The DH suggests reducing the number of points in QOF by removing the entire organisational domain, bar the QP indicators and some public health structures. They also plan to raise thresholds and reduce time limits in achieving those points. Then they try to offset this enormous loss of funding by offering a number of, yet to be defined, DESs. 

Under these proposals most practices will lose much of the funding attached to the 139 points to be taken out of the QOF. We expect some practices would be able to maintain some of this funding but those who struggle to achieve current thresholds because their patients are very sick or not able to change their lifestyles, or because the practices are workload saturated, will lose big swathes of income from their QOF income stream.

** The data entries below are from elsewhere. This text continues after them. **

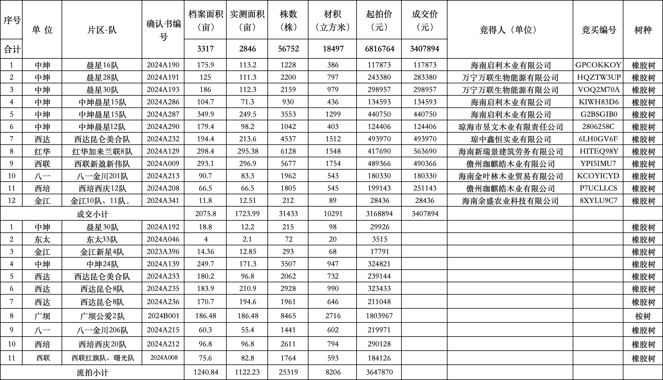 海胶集团今年第39批林木网上竞价于2024年8月23日结束,此次放标23个,成交12个,流拍11个。详情如下: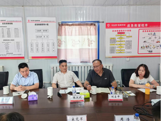 6月21日,中材礦山黨委副書記、總經(jīng)理張漢武一行蒞臨兗州中材舒蘭分公司進(jìn)行安全月安全檢查工作,兗州中材副總經(jīng)理劉占中一行陪同。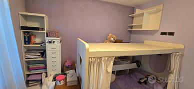 Vendo cameretta Doimo City line acquistata nel 2011 ( costo di acquisto 6000 € ) in ottimo stato di manutenzione adatto a bambina - ragazzina... la particolarità è la grande scrivania posta sopra il letto alla quale si accede attraverso una scaletta a " cassettoni " come da foto... disponibile per presa visione in quanto è da smontare.... prezzo trattabile.... nelle foto anche quelle da catalogo.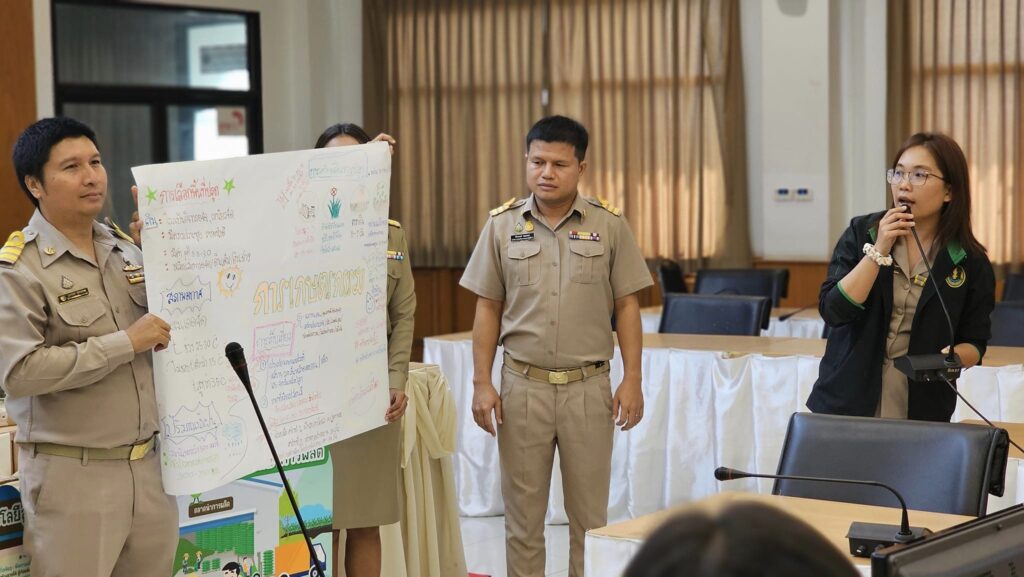 เมื่อวันที่ 27 สิงหาคม 2567 สถาบันการจัดการเทคโนโลยีและนวัตกรรมเกษตร (สท.) สวทช. ร่วมกับมหาวิทยาลัยเกษตรศาสตร์ วิทยาเขตกำแพงแสน และกรมส่งเสริมการเกษตร จัดอบรมเชิงปฏิบัติการหลักสูตร Train The Trainer เทคโนโลยีการผลิตพืชหลังนาแบบครบวงจร: ถั่วเขียวพันธุ์ KUML ให้เจ้าหน้าที่กรมส่งเสริมการเกษตรจาก 9 อำเภอในจังหวัดเพชรบูรณ์ เพื่อพัฒนาบุคลากรให้มีองค์ความรู้ด้านการผลิตถั่วเขียวและสามารถถ่ายทอดความรู้ที่ถูกต้องตามหลักวิชาการให้เกษตรกรได้ โดยมี รศ.ดร.ประกิจ สมท่า และ ผศ.ดร.กนกวรรณ เที่ยงธรรม มหาวิทยาลัยเกษตรศาสตร์ วิทยาเขตกำแพงแสน เป็นวิทยากรให้ความรู้ผ่านการทำกิจกรรมต่างๆ ที่ช่วยเสริมสร้างทักษะและความรู้ให้เจ้าหน้าที่สามารถนำไปประยุกต์ใช้ได้กิจกรรมครั้งนี้ได้รับเกียรติจากนางพัชรี ศาลาศิลป์ รองผู้ว่าราชการจังหวัดเพชรบูรณ์ เป็นประธานเปิดงาน โดยมีนางชญากุล ผ่องโอภาส เกษตรจังหวัดเพชรบูรณ์ และนางวีณา รังสิกรรพุม บริษัท พุเตยวัฒนาเกษตรภัณฑ์ จำกัด ตลาดรับซื้อถั่วเขียวรายใหญ่ของประเทศ เข้าร่วมกิจกรรมและแลกเปลี่ยนข้อมูลกับเจ้าหน้าที่เกษตรทั้ง 9 อำเภอการจัดอบรมเชิงปฏิบัติการครั้งนี้เป็นส่วนหนึ่งของการดำเนินงานโครงการ “การขยายผลเทคโนโลยีการผลิตถั่วเขียวคุณภาพสายพันธุ์ KUML ด้วยกลไกตลาดนำการผลิตปี 2” ภายใต้การสนับสนุนจากสำนักงานพัฒนาการวิจัยการเกษตร (องค์การมหาชน)# # # สท.-ม.เกษตรศาสตร์-กรมส่งเสริมการเกษตร จัดเต็มความรู้ถั่วเขียว KUML ให้เจ้าหน้าที่เพชรบูรณ์ ขยายผลเป็นพี่เลี้ยงให้เกษตรกร Post Views: 667 Tagged on: Train the trainer ถั่วเขียว KUML เพชรบูรณ์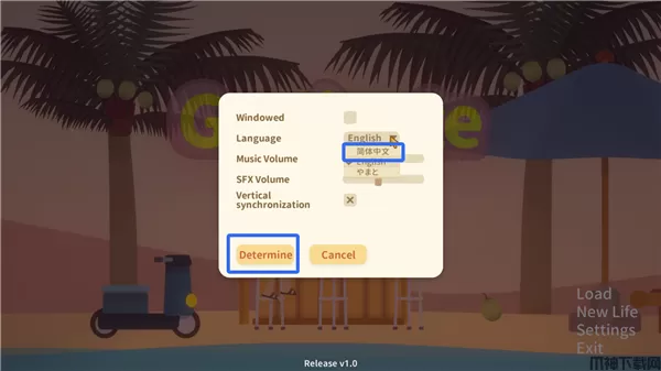 2、在Language一栏下拉选中简体中文,然后点击Determine即可。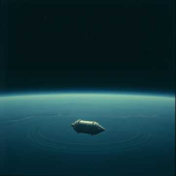 Slow-evolving cinematic dark ambient with subsonic drones, wind-textured noise, and sparse metallic impacts panning across a vast stereo field; minimalist melodic fragments on processed strings and glassy synths emerge and dissolve, while a distant choral pad swells and recedes like failing engines in a dying orbit; long, patient crescendos and decrescendos keep the energy low yet intensely immersive, ideal for high-fidelity listening in a quiet room., low, dark ambient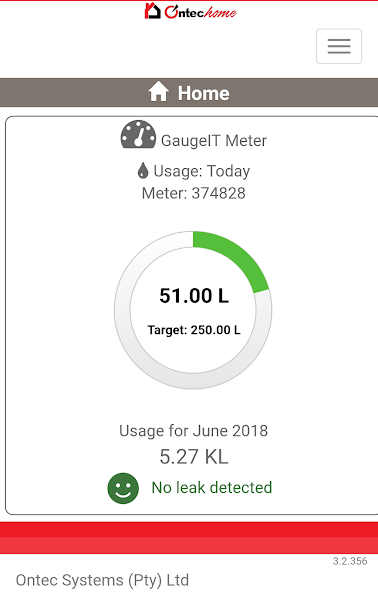 Ontec HOME is a smart monitoring application that allows users to monitor their household water consumption through the GaugeIT solution as well as purchase prepaid electricity. Through Ontec HOME users can monitor more than one household and can provide a friendly alias for the various houses being monitored.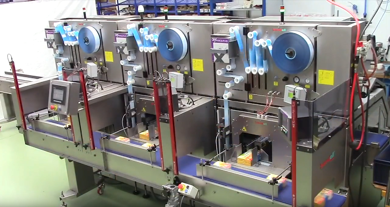 Поток продукции с конвейерной ленты разделяется на 3 участка, собирается в пачки по 2 упаковки, обандероливается с помощью промо-ленты, и готовая продукция поступает на выводной конвейер для последующей упаковки.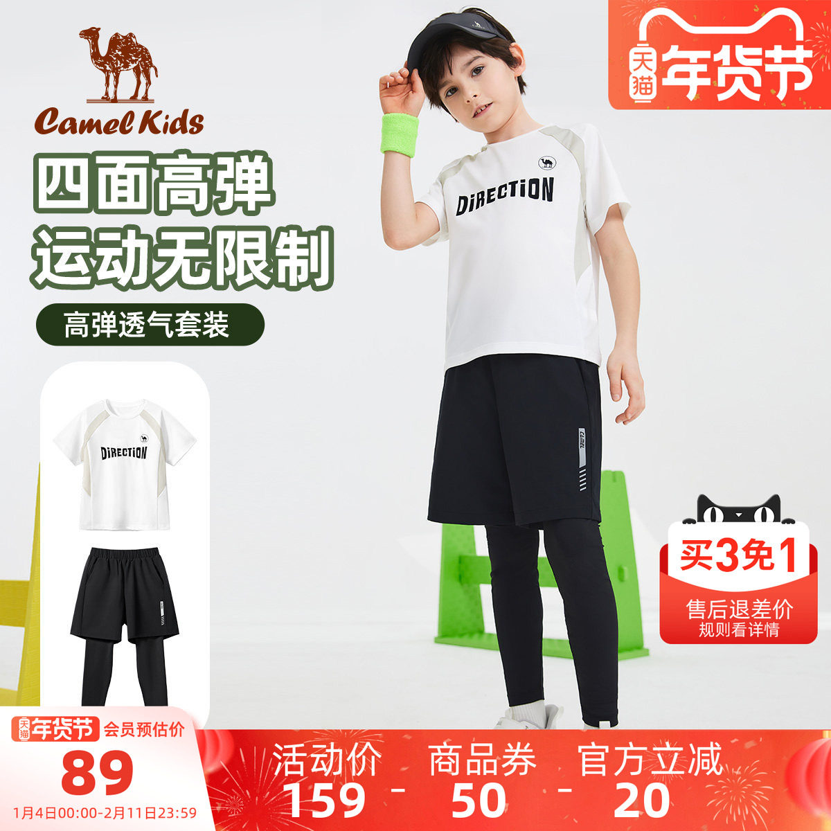 【清仓】骆驼男童短袖两件套夏季休闲中大童套装薄款儿童运动T恤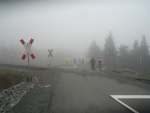 Fast wäre ich an der 1.000 m-Marke vorbeigedüst, ohne sie zu knipsen, denn mittlerweile bin ich wieder in den Laufschritt gefallen. Ich überquere das Gleis der Brockenbahn, das durch Streckenposten gesichert ist. Sollte die Bahn kommen, ist das Überqueren bei Strafe der Entmannung verboten. Die Jungs spenden frierend tapfer Beifall, von mir kommt ein „Danke, das ist verdient!“ und schon habe ich die Lacher auf meiner Seite. Der Dunst nimmt immer weiter zu, wo ist das tolle Wetter von vor sechs km? Ja, Leute, Vorsicht ist die Mutter der Porzellankiste, nehmt die Warnungen ernst!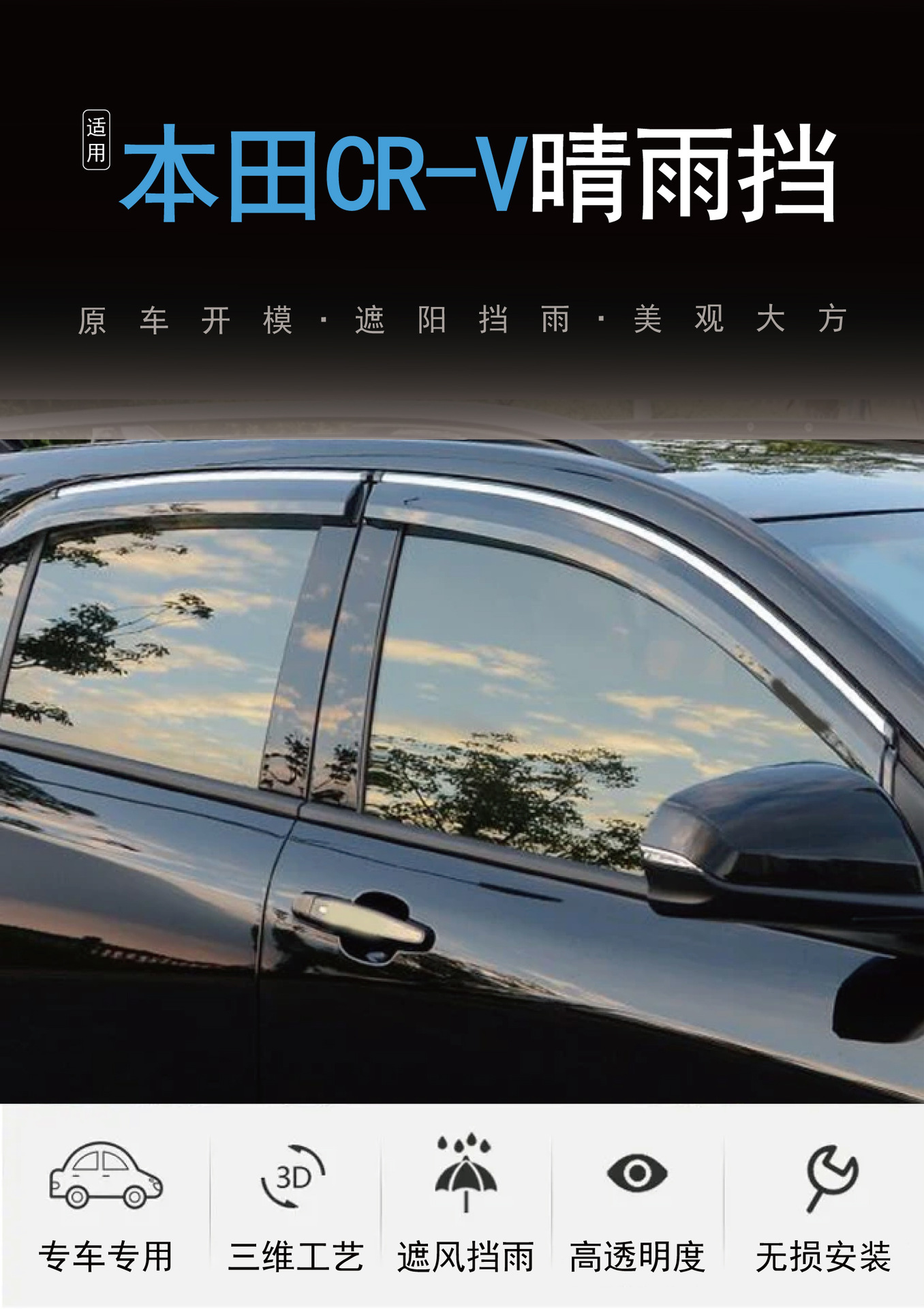 국경 간 적용 가능한 혼다 CRV 창 수정 차양 및 비 방패 4/6 검은 물집 접착 자동차 방패스토어 가기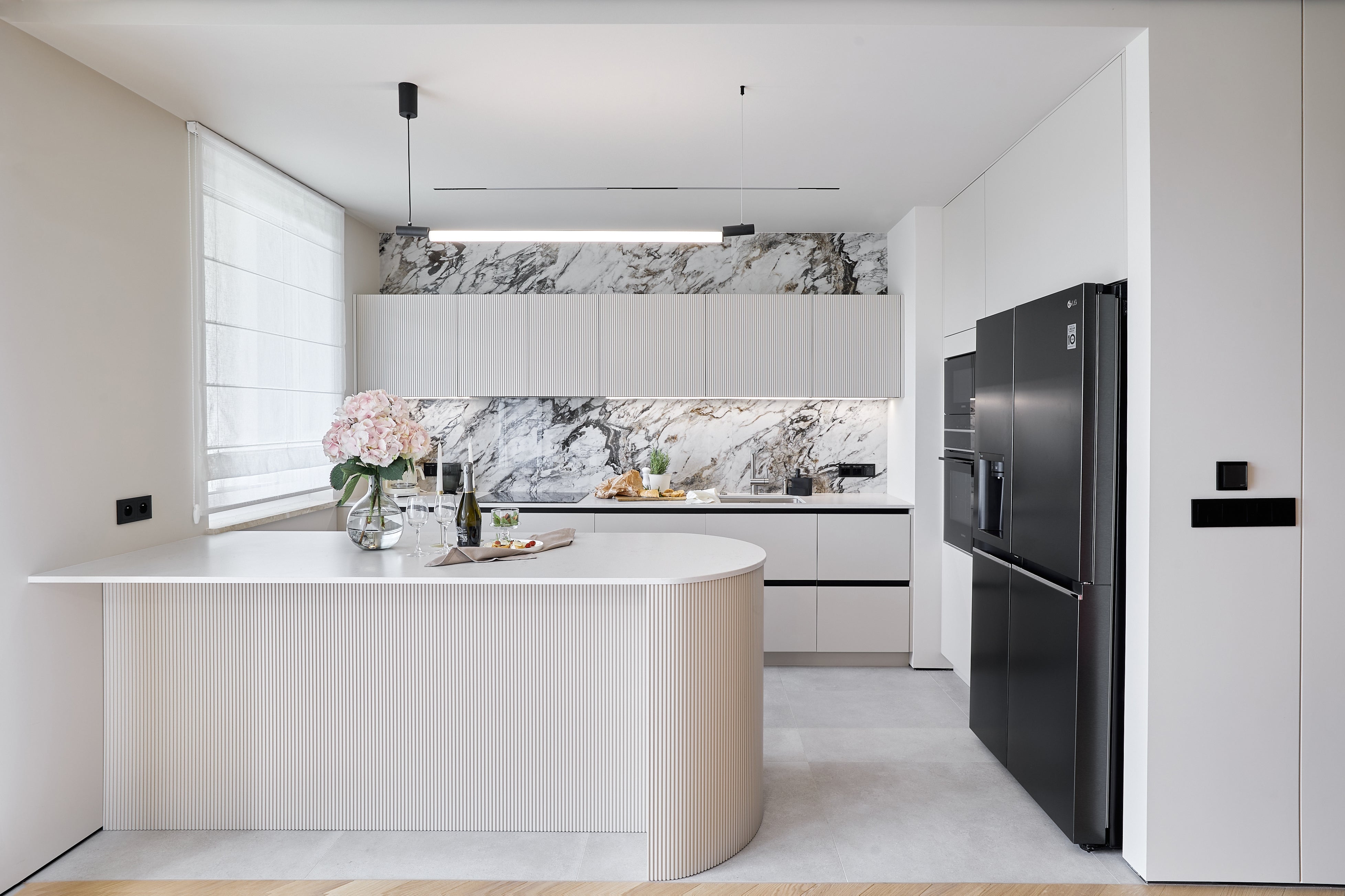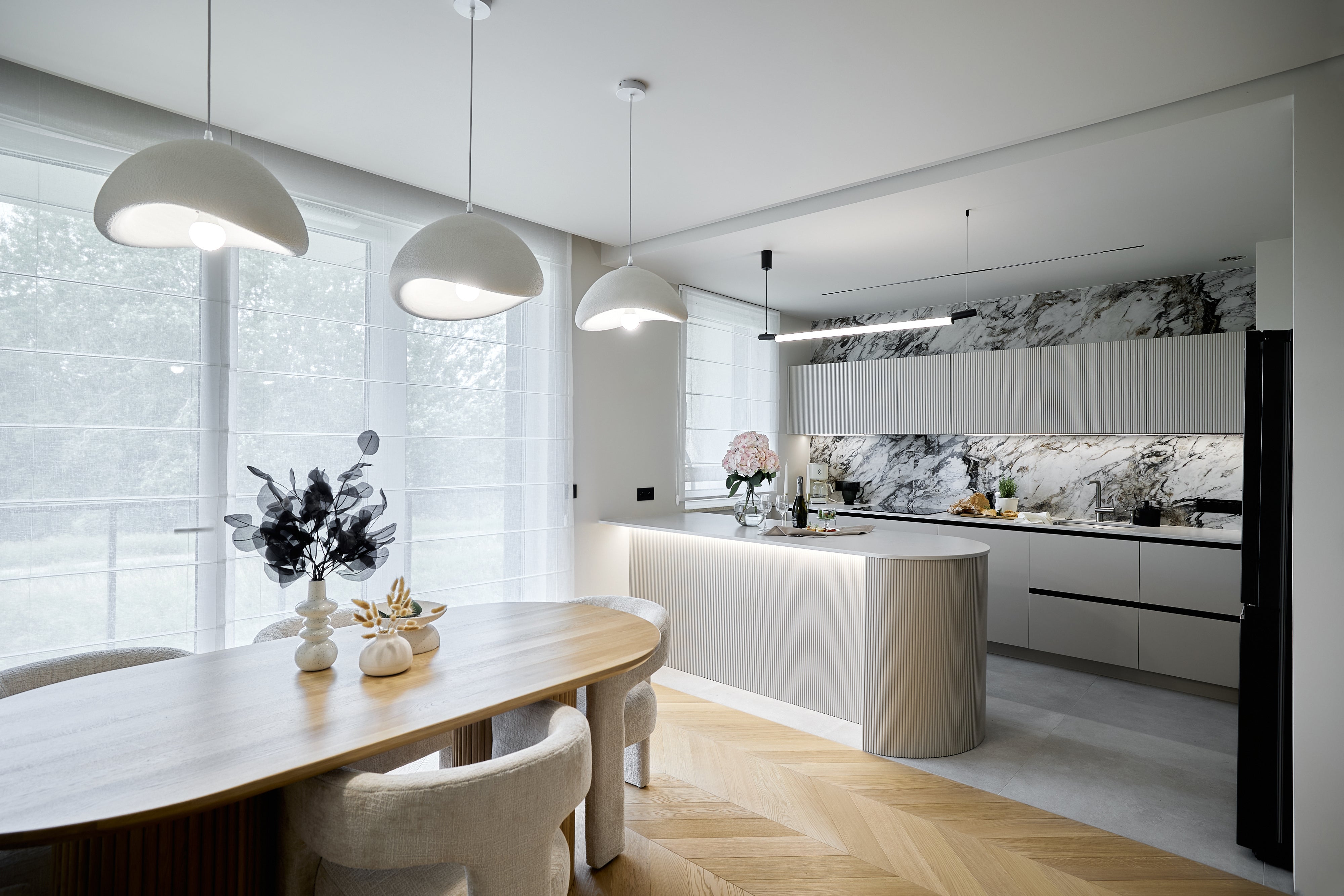 Закруглений кухонний острів гармонійно доповнює загальну концепцію інтер’єру. Його напівкругла форма і фрезерування чудово поєднуються з іншими елементами меблів.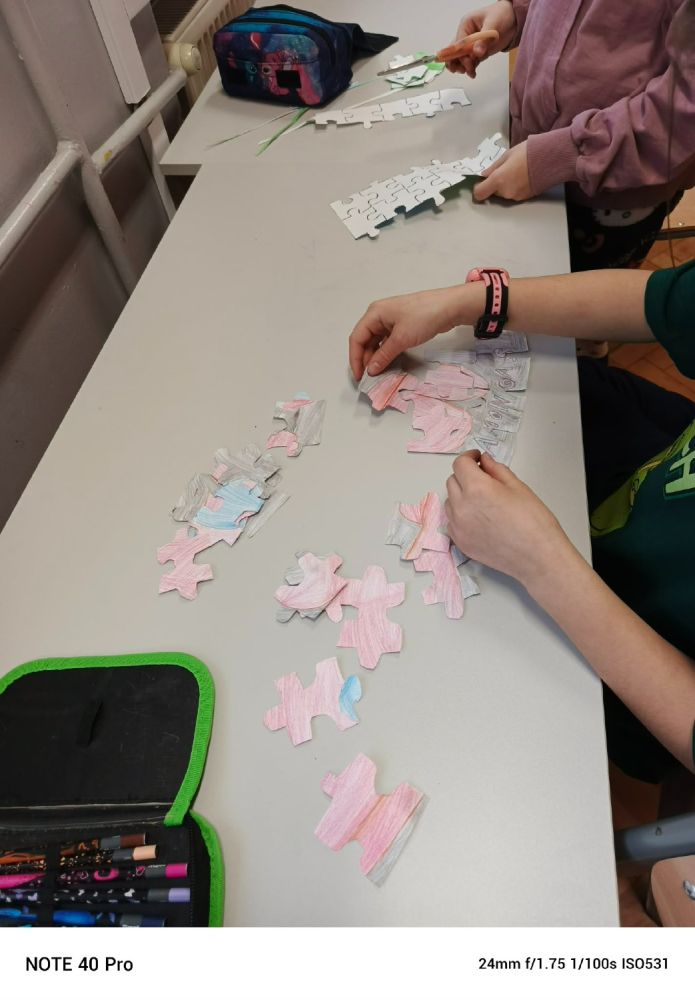 Z okazji Międzynarodowego Dnia Puzzli uczniowie brali udział zajęciach plastycznych łączących zabawę orazćwiczenia koncentracji. Dzieci malowały własne puzzlea później je wycinały, ucząc się przy tym cierpliwości oraz zręczności.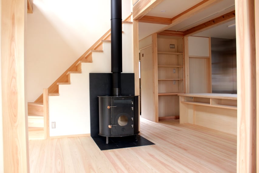 延べ床面積28坪の4人家族のお住まいです。農作業や農産物の加工をするためのスペースを確保するために、あえて玄関を設けませんでした。住まい手さんこだわりの薪ストーブのある吹き抜けを家の中心に、すべてをコンパクトながらワンルームのようにLDKを配置しました。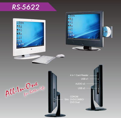 CPU: Intel Core 2 Quad / Core 2 Duo / Dual-core / Pentium D / Pentium 4 /Celeron. LGA775 533/800/1066 FSB (Don't support Intel Pentium Processor Extreme Edition) Chipset: North Bridge Intel Q965 Express Chipset South Bridge Intel ICH8 Memory: 2x DDR II DIMM memory slots (supports up to 4GB memory) Supports 1.8V DDR II DIMM Supports dual channel DDRII 800/667/533 DIMM HDD: 3.5" size SATA2 (Up to 500GB or above) Optical Device: Slim CDROM / DVDROM /Combo (DVD+CDRW) / DVD RW Display Resolution: 22" TFT LCD (WXGA 1680x1050) Expansion Slots: 2x mini PCI slot (internal slot) Audio: Built-in 2x speakers (3W) Intel ICH8 integrated with Realtek ALC888 HD Audio LAN: Marvell 88E8053 controller supporting 10/100/1000 BASE-T Ethernet USB Port: Max 10x USB 2.0 ports VGA Port: Intel Q965 built in experience superior graphics with intel GMA3000, up to 384MB shared with system memory Multi-Media Card Reader : SD / MS / MMC Back Panel I/O Ports: 1x Power Connector 1x PS/2 Keyboard 1x PS/2 Mouse 1x RJ45 2x USB 2.0 1x Serial 1x VGA 1x RCA (TV Cable)

Changing thresholds and cutting QOF points is defunding by another name. Take hypertension for example: under DH proposals GPs will be forced to chase up a larger number of the most hard-to-reach cases, and asked to recommend treatments – such as anti-hypertensive drugs for elderly patients – that they wouldn’t normally. The evidence shows how over-tight control of certain conditions, such as diabetes, actually harms patients, but the DH is still promoting this approach. Moreover, if you are going to undertake treatments that are genuinely clinically beneficial, you need proper funding to meet these requirements – not the reduction I have been talking about.  When you have accountants and politicians deciding what GPs should do, it’s never as effective as asking GPs themselves.

As I have already mentioned, we are still awaiting the full detail of the government’s plan. The BMA is carefully examining what we know already and what this will mean for GPs, and their patients, before we decide our future course of action.

It is clear though, that GPs are dealing with this imposition off the back of a rough few years. Given the deeply unpopular NHS reforms in England and the assault on our pensions, I’m not surprised when people start to talk about taking early retirement. At the moment general practice isn’t a terribly attractive specialty. I hope that the Government takes the time to consider the greater impact that enforced changes will have on the contract this year.

Dr Laurence Buckman is a single-handed GP in north London and chair of the GPC.